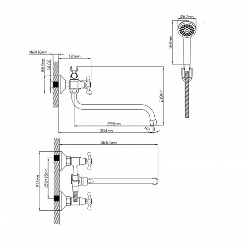 Технические характеристики Смеситель настенный латунный для ванной комнаты "Oasis" L2000HC_Vin (G1/2, 29,5см)
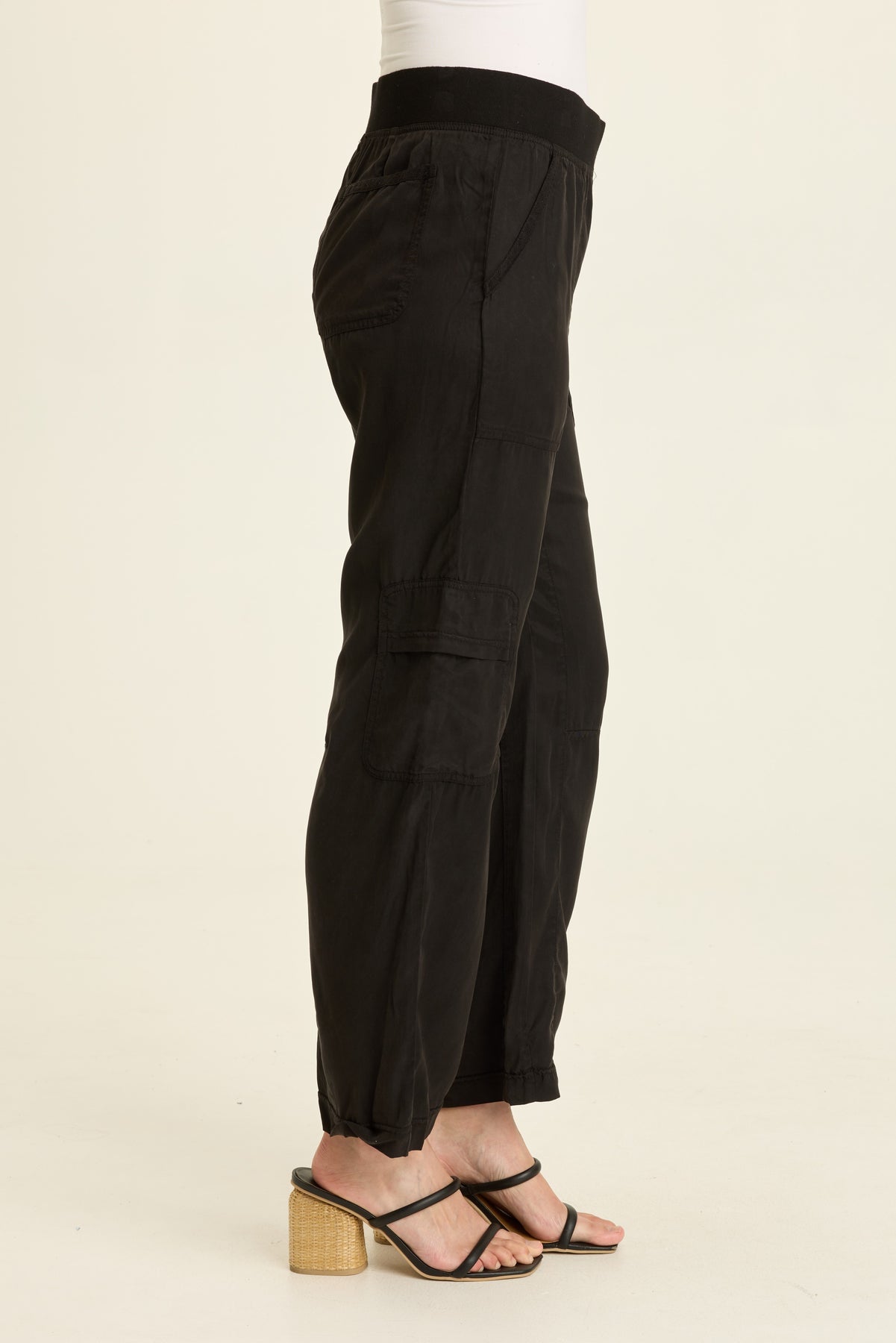 A streamlined silhouette, the Taran Pant has darts at the knee, welt cargo pockets, a pull-on waist and front and back pockets.
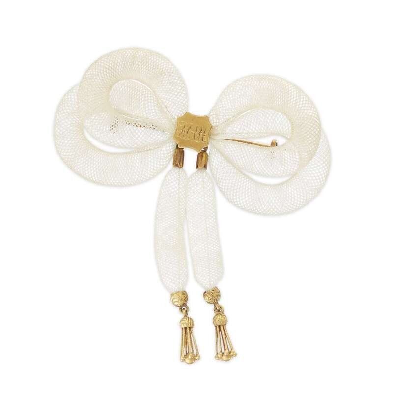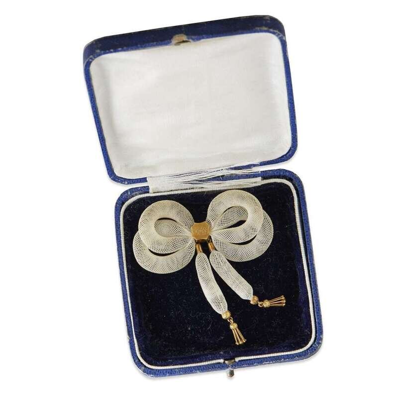 An example of delicate table work, with gold slide fastener engraved "FJAM"; accompanied by display box.

Work item =>
Restate the material above word for word, omitting the pictures.

Solution to this exercise =>
 Технические характеристики Смеситель настенный латунный для ванной комнаты "Oasis" L2000HC_Vin (G1/2, 29,5см)
 A streamlined silhouette, the Taran Pant has darts at the knee, welt cargo pockets, a pull-on waist and front and back pockets.
 An example of delicate table work, with gold slide fastener engraved "FJAM"; accompanied by display box.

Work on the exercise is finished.